Neurological, Cardiovascular, and Respiratory Evaluation Leads to Better Understanding of Sudden Unexpected Death in Epilepsy

May 5, 2020, 09:06 AM by Sara Kruper

Sudden Unexpected Death in Epilepsy (SUDEP) claims approximately 1 in 1,000 lives of epilepsy patients each year.1  SUDEP occurs when a patient with epilepsy dies suddenly without visible cause, making it virtually impossible to predict.1  Although researchers and physicians have not identified the precise cause of SUDEP, they have been able to ascertain ailments associated with it including hypoventilation, apnea, respiratory distress, pulmonary hypertension, autonomic dysregulation, and arrhythmia.2  It is believed that the best prevention method is well controlled epilepsy with proper medication and patient adherence.  A healthy diet, exercise, and cardiac evaluation are also believed to reduce a patient’s risk of SUDEP.1

As the cause of SUDEP is unknown, creating appropriate models to study has been a challenge.  However, researchers have developed models, most commonly using mice, that replicate the cardiovascular and respiratory ailments typically seen in SUDEP patients.2

Publications Citing Use of DSI Technology
Simultaneous cardiac and respiratory inhibition during seizure precedes death in the DBA/1 audiogenic mouse model of SUDEP

This study was designed to evaluate cardiac and respiratory dysfunction in a mouse model of SUDEP.  To do so, the research team simultaneously monitored respiration and ECG in mice using DSI plethysmography and implantable telemetry while monitoring behavior through video recording. The study’s results showed abrupt and simultaneous respiratory and cardiac depression with death occurring due to respiratory arrest.  They also suggest that seizures activate two CNS pathways – one that inhibits respiratory drive, and one that inhibits cardiac function via vagal efferents.  Mechanical ventilation using Harvard Apparatus’ Small Animal Respirator leads to abrupt and simultaneous recovery of both respiration and cardiac function which indicates that the vagal discharge can be rapidly terminated. Further understanding of the mechanism behind the abrupt cardiorespiratory dysfunction and recovery could help uncover therapeutic targets for SUDEP.3

Simultaneous Video-EEG-ECG Monitoring to Identify Neurocardiac Dysfunction in Mouse Models of Epilepsy
Cardiac rhythm disturbances, such as changes in heart rate or arrhythmias, caused by seizures can increase risk of SUDEP. This study prescribed a technique to study abnormal brain and cardiac rhythms in which EEG and ECG are measured simultaneously while video is recorded to monitor the animals’ behavior.  This technique utilized a hardwired system to measure EEG and ECG as well as video monitoring technology from DSI.  This study also describes methods for analyzing seizure, EEG spectral power, cardiac function, and heart rate variability data and shows that video-EEG-ECG monitoring in mouse models of epilepsy is a powerful tool for detecting neurological, cardiovascular, or brain-heart interaction dysfunction.4

Solutions for SUDEP Research
DSI offers solutions to support studies of neurological, cardiovascular, and respiratory ailments associated with SUDEP.  Implantable telemetry provides the flexibility to measure endpoints such as ECG, EEG, blood pressure, temperature, and activity in conscious, freely moving animals.  ECG and EEG can also be measured using a hardwired system for acute studies.  Plethysmography enables evaluation of respiratory endpoints including respiration, tidal volume, minute volume, and more.  All endpoint collection methods can be combined with video recording to monitor animal behavior and confirm seizure activity. 

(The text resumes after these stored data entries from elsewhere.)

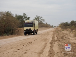 Die Trans-Chaco, welche Paraguay mit Bolivien verbindet, ist geteert, hat aber teilweise tiefe Schlaglöcher. Die Fahrt verlangt äusserste Konzentration vom Fahrer. Der Trans-Chaco wird aktuell zu einer Autobahn ausgebaut, das bedeutet dass wir häufig durch Baustellen fahren und teilweise sehr staubige Ausweichstrassen nehmen müssen. Bei der Kleinstadt Mariscal Estigarribia verlassen wir den Trans-Chaco nordwärts und sind ab hier weitere 350 Kilometer auf Erdstrassen unterwegs. Tags zuvor hat es noch etwas geregnet. Das Gute, es staubt nicht so arg. Das Schlechte, ist der Matsch der uns das Reifenprofil füllt und wir wie auf Eis dahin schlittern. Da heisst es dann aufpassen, dass einen das Hinterteil nicht überholt. Aber mit einem routinierten Fahrer am Steuerrad meistern wir diese Passagen ohne Probleme.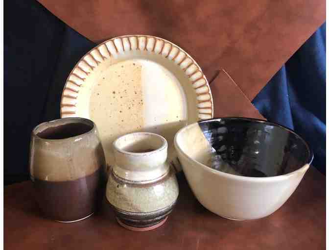 Earthen hued cookie jar with lid and vase for the blooms of the season + Crock, Bowl, Plate, Cup, all in brown/natural glaze. Plate is 10.5" round. Ceramics are a durable and beautiful addiiton to any home!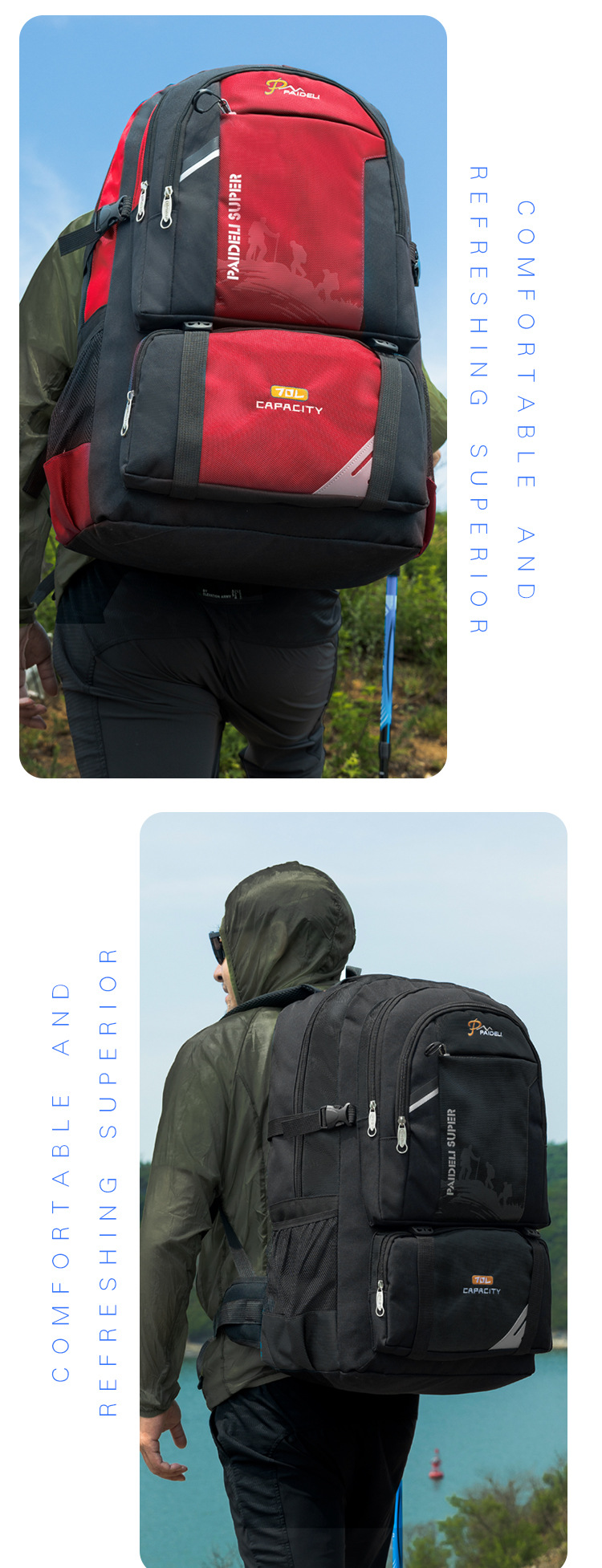 도매 야외 배낭 남성 대용량 방수 배낭 수하물 가방 Schoolbag 남성용 여행 가방 등산 가방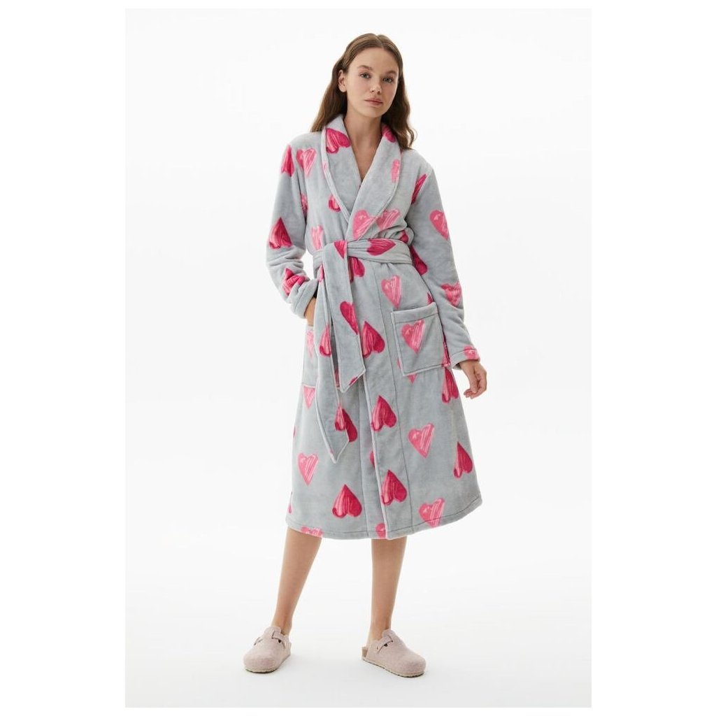 Župan má krásnou šedou barvu, je se vzorem růžových srdíček a má šálový límec.Doplňkové parametry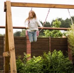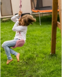 Los materiales resistentes a la lluvia, la humedad y a la radiación UV mantienen el columpio bonito y funcional durante mucho tiempo. Gracias a los anillos de montaje, lo colgarás en un gancho o mosquetón en menos de 30 segundos: en la terraza, el balcón, el parque infantil o en la habitación.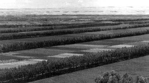 Des rideaux-abris plantés sur les montagnes de la Province de Qinghai permettent de mettre en culture une zone jadis déserte; on aperçoit au deuxième plan une zone de dunes encore non aménagée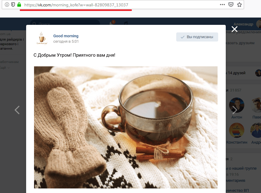 - Щелкните по адресной строке браузера, чтобы посмотреть полный адрес поста.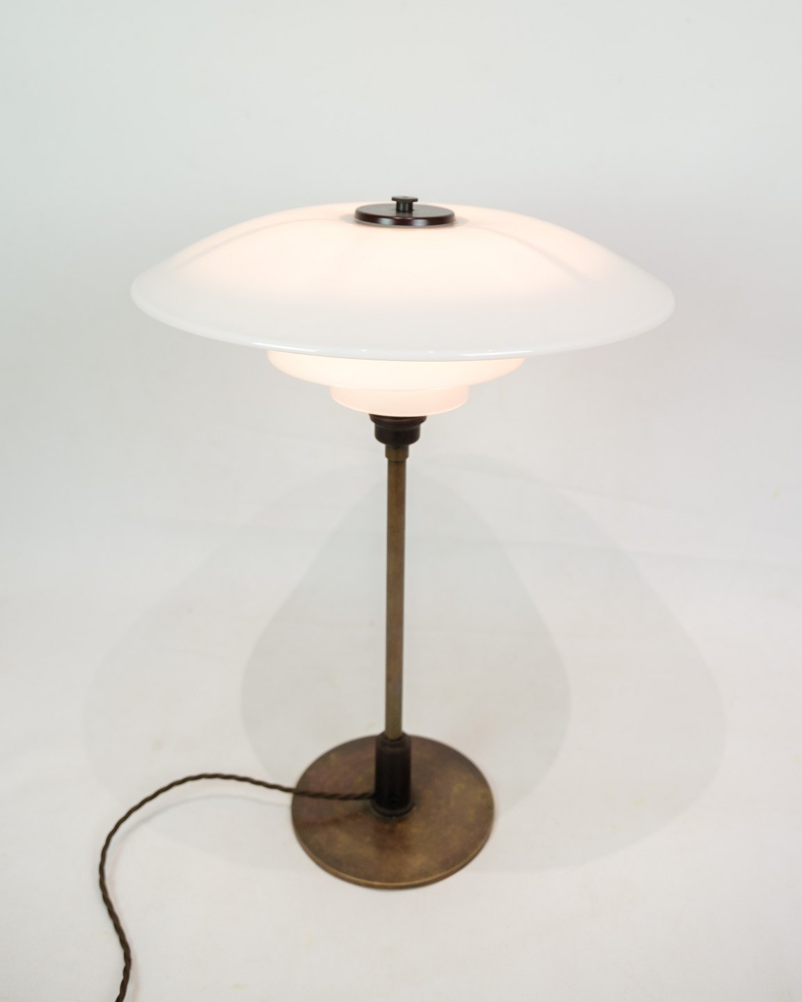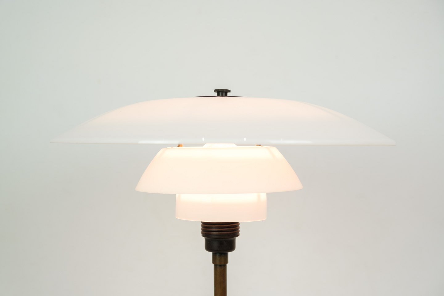 Bordlampe, PH 4/2½, designet af Poul Henningsen og fremstillet af Louis Poulsen i 1930'erne. Lampen er udført med hvide opal glasskærme og et stel af bruneret messing, som giver en klassisk kombination af funktion og elegance. PH-lamperne er kendt for deres unikke design, hvor skærmene er skabt til at sprede lyset jævnt og blødt.

Ponemah software offers the flexibility to bring in signals from many different types of equipment (including those listed above) and provides powerful analysis tools to calculate heart rate variability, detect arrhythmia, and more.  Data can be easily exported from Ponemah into NeuroScore software for seizure detection and analysis.

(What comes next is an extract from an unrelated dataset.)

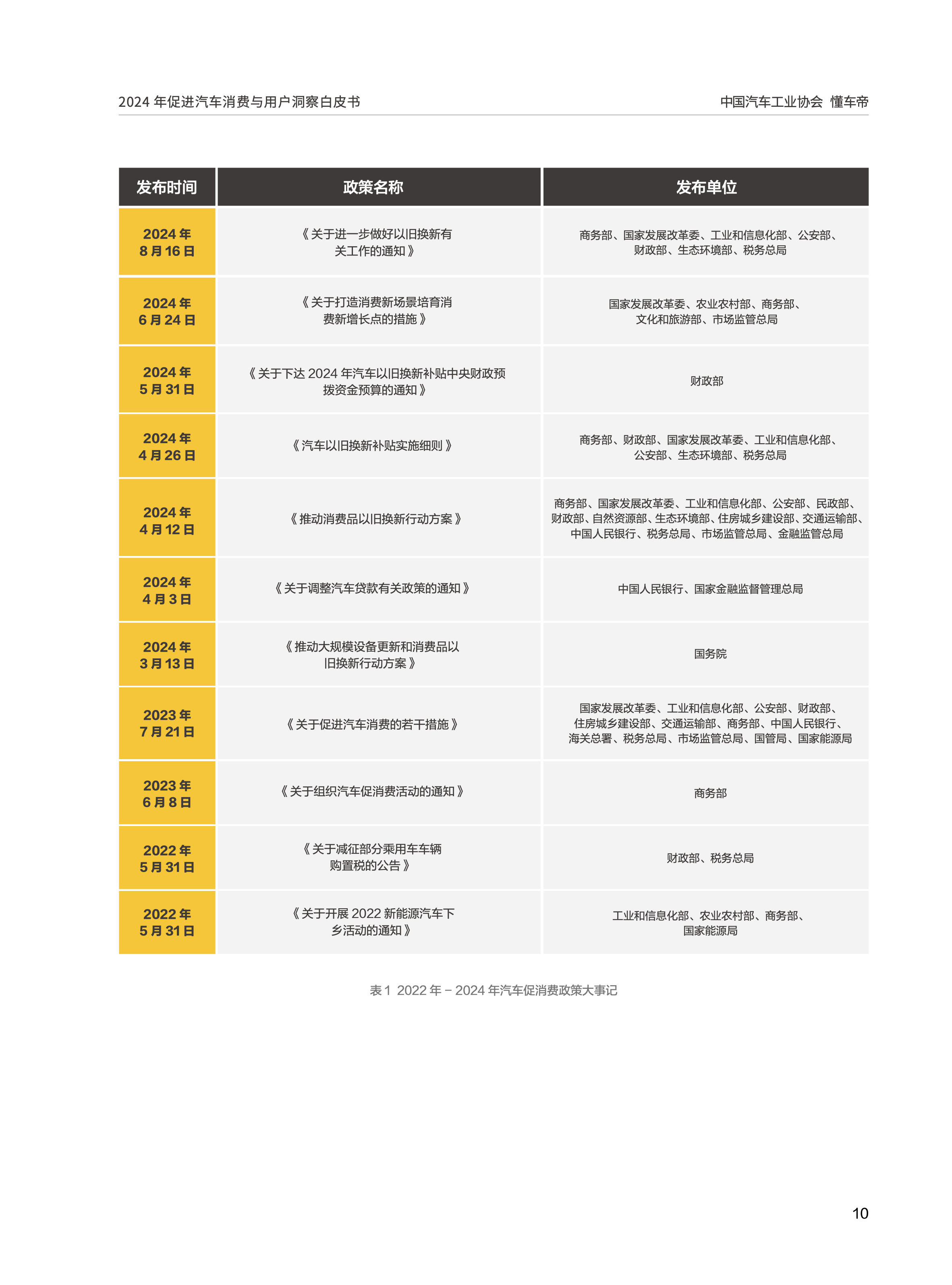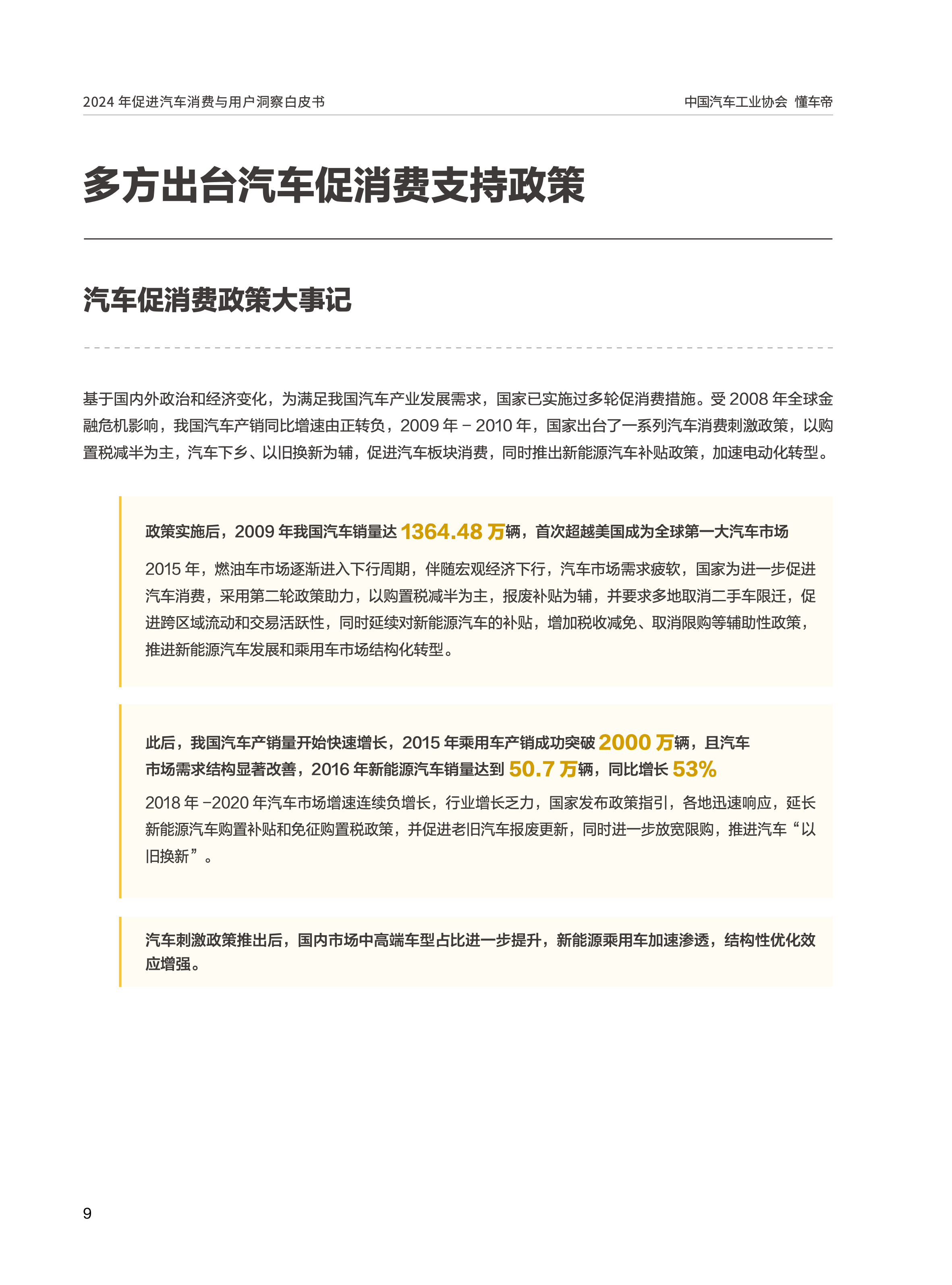 基于国内外政治和经济变化,为满足我国汽车产业发展需求,国家已实施过多轮促消费措施。受 2008 年全球金 融危机影响,我国汽车产销同比增速由正转负,2009 年 – 2010 年,国家出台了一系列汽车消费刺激政策,以购 置税减半为主,汽车下乡、以旧换新为辅,促进汽车板块消费,同时推出新能源汽车补贴政策,加速电动化转型。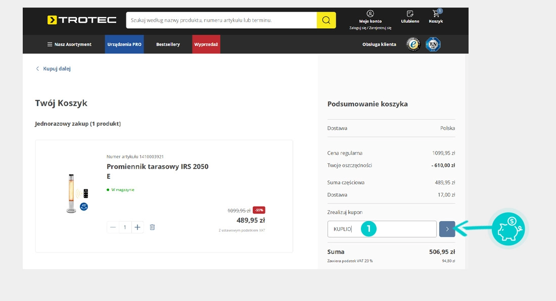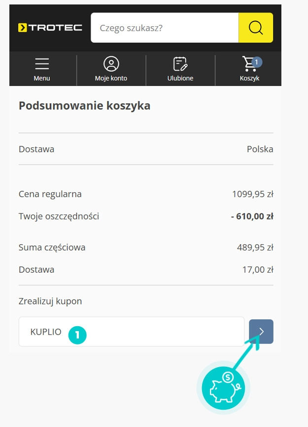 Wybierz w e-sklepie Trotec.com produkt, który Cię interesuje, naciśnij przycisk "Dodaj do koszyka", a produkt automatycznie zostanie dodany do Twojego koszyka z zamówieniem. Po prawej stronie, w sekcji "Twój Koszyk" znajdziesz pole "Kod rabatowy". Tutaj wklej skopiowany kod rabatowy bądź wprowadź go ręcznie, i zatwierdź przyciskiem, a następnie zaznacz "Zamówienie".

DSI’s sister company, Harvard Apparatus, also offers a small animal respirator commonly used to resuscitate mice once respiratory failure occurs post-seizure.


1Sirven J, Friedman D. (2019). “SUDEP FAQ”. Epilepsy Foundation.

2Pansani AP, Colugnati DB, Scorza CA, de Almeida AC, Cavalheiro EA, Scorza FA. (2016). “Furthering our understanding of SUDEP: the role of animal models”. Expert Review of Neurotherapeutics, 16(5). 

3Schilling WP, McGrath MK, Yang T, Glazebrook PA, Faingold CL, Kunze DL. (2019). “Simultaneous cardiac and respiratory inhibition during seizure precedes death in the DBA/1 audiogenic mouse model of SUDEP”. PLoS One, 14(10). 

4Mishra V, Gautier NM, Glasscock E. (2018). “Simultaneous Video-EEG-ECG Monitoring to Identify Neurocardiac Dysfunction in Mouse Models of Epilepsy”. Jove.